Investire in valute estere: quali sono le varie opzioni?
Di NicolettaChi desidera iniziare a investire in ambito valutario per diversificare in maniera strategica il suo portafoglio deve avere un’idea chiara dei vari strumenti disponibili, dei rischi che ognuno di essi implica e tenere anche conto degli oneri fiscali.
L’investimento in valute estere può potenzialmente consentire di realizzare profitti dall’oscillazione delle varie divise e ha il vantaggio di essere in ogni caso molto liquido, ovvero facilmente vendibile. Si tenga però presente che l’investimento valutario presuppone conoscenze ed esperienze non sempre accessibili a tutti (come la capacità di individuare la migliore strategia di gestione, la scelta dell’ambito valutario principale di riferimento, un tracciamento “storico”, una conoscenza dell’andamento delle valute nel passato, l’analisi della volatilità e dei più importanti parametri di riferimento).

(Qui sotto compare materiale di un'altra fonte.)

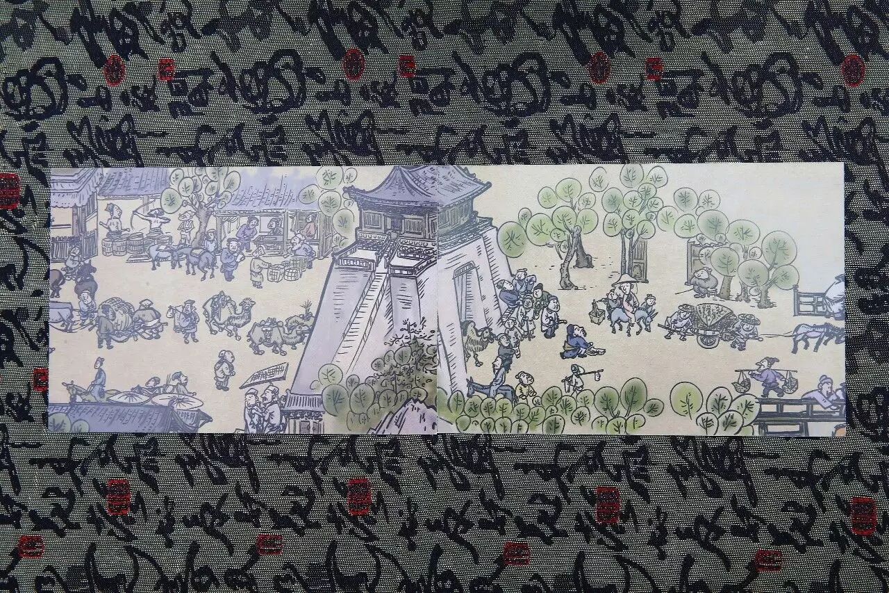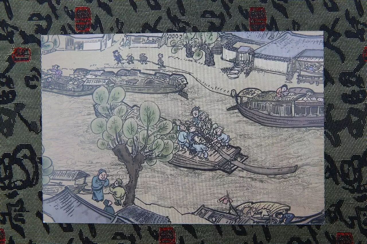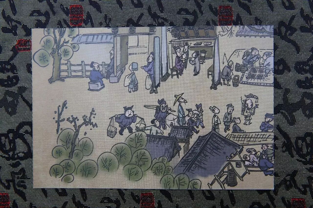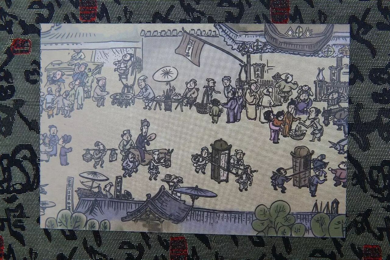 图中宋人的表情,神态,动作融入现代艺术形式,卖货郎、行脚僧、船夫等形态各异的人物形象跃然纸上,幽默风趣的表现了宋人的生活风貌。

Queste sono le principali scelte possibili per un risparmiatore:
– operare autonomamente aprendo un normale conto corrente in valuta diversa dell’euro presso una banca e con esso operare sulla valuta scelta. Quasi tutti gli istituti di credito (inclusi quelli online) offrono almeno un conto in dollari. Alcune banche consentono addirittura di aprire anche un conto corrente multivaluta (multicurrency) avente come sottostanti vari sottoconti abbinabili a ciascuna valuta. Dal punto di vista fiscale, la tassazione sarà uguale a quella di un conto corrente in euro – a meno che sul suddetto conto non sia presente per almeno sette giorni lavorativi successivi una giacenza superiore a 51.645,69 euro. In questo caso ogni prelievo dal conto stesso è equiparato a una cessione onerosa di valuta che produce plusvalore (o minusvalore) ed è quindi sottoposte alle regole fiscali dei redditi diversi.
– agire in autonomia comprando in banca (e pagando in euro) obbligazioni in valuta straniera ad altissimo rating (per minimizzare il rischio di credito), di aziende, enti sovrannazionali o stati sovrani. In questo modo si espone solo alla variazione valutaria e non a quella azionaria.

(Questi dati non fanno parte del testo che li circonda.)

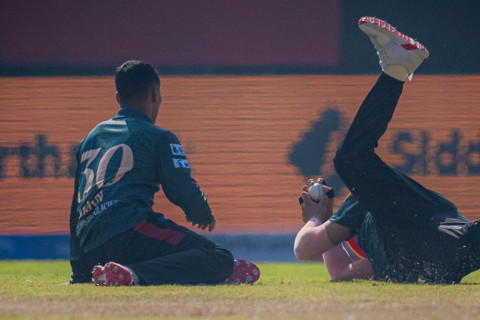 दीपेन्द्रसिंह ऐरीले चितवनका ओपनर डेभिड मलानलाई ‘डाइरेक्ट हिट’मार्फत रनआउट गरेका हुन्।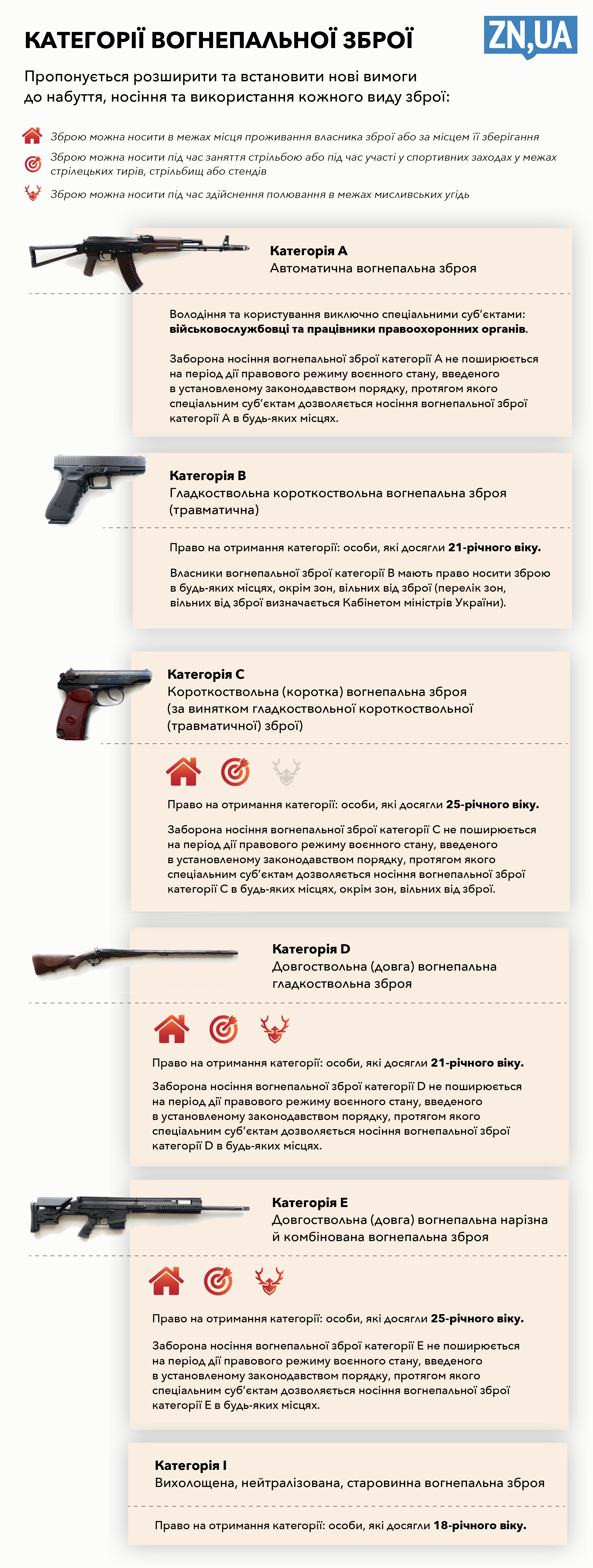 Згідно із запропонованими змінами зброю поділятимуть на кілька категорій:

– decidere per un regime amministrato delegando la gestione del portafoglio valutario a broker specializzati e scegliendo fondi comuni e SICAV che operano nel trading valutario che investono direttamente sull’apprezzamento (oppure sul deprezzamento) di una valuta rispetto a un’altra e che possono anche utilizzare una leva finanziaria superiore a uno. Ad esempio può optare per ETF (ovvero, fondi indicizzati quotati in borsa). La fiscalità in questo caso è identica a quella applicata per qualsiasi fondo, SICAV o ETF armonizzato, ovvero attuata mediante imposta sostitutiva dei proventi operata dagli intermediari e compensazione delle eventuali minusvalenze realizzate con le plusvalenze e gli altri redditi diversi conseguiti successivamente, nei limiti dei quattro anni d’imposta.

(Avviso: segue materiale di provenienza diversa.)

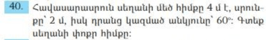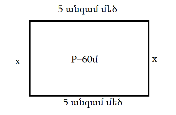 2․Ուղղանկյան պարագիծը 60 մ է և նրա մի կողմը 5 անգամ մեծ է մյուսից: Հաշվիր ուղղանկյան կողմերը: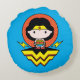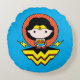 Almofada Redonda Mulher Maravilha Chibi com Bolinhas e logotipo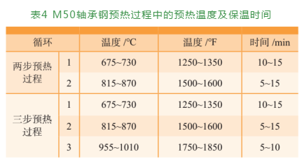 為了獲得最佳的軸承性能,熱處理加熱期間可采用2次或3次預(yù)熱處理,然后進行淬火,再進行深冷處理或回火處理,回火處理要求冷卻至40℃以下。M50軸承鋼可以在真空爐或氣體保護爐中進行加熱奧氏體化處理,大多數(shù)軸承制造熱處理選擇在中性熔融鹽浴或鹽浴槽中進行。零件在奧氏體化前應(yīng)該預(yù)熱,以降低高溫奧氏體化階段的保溫時間。如果采用單級預(yù)熱,預(yù)熱溫度采用815~870℃,保溫時間為5~15min。如果采用多級預(yù)熱,要求的溫度及保溫時間見表4。

La scelta che implica minore rischio è l’acquisto di fondi comuni oppure di ETF specializzati sulla borsa americana o svizzera o inglese o giapponese. Poiché questi prodotti finanziari sono in pratica dei portafogli di azioni di società estere, l’investitore “scommette” sul cambio con il dollaro US/franco svizzero/sterlina inglese/yen giapponese e contemporaneamente si espone al rischio azionario.Quando deciderà di vendere, i prezzi in valuta (che nel frattempo possono essere saliti o calati) delle azioni estere presenti nei fondi o negli Etf saranno aggiornati al cambio con l’euro (che può essere aumentato o diminuito nel corso del tempo). Questa strategia è dunque a rischio piuttosto alto consigliabile soltanto se l’orizzonte temporale di investimento è lungo o lunghissimo.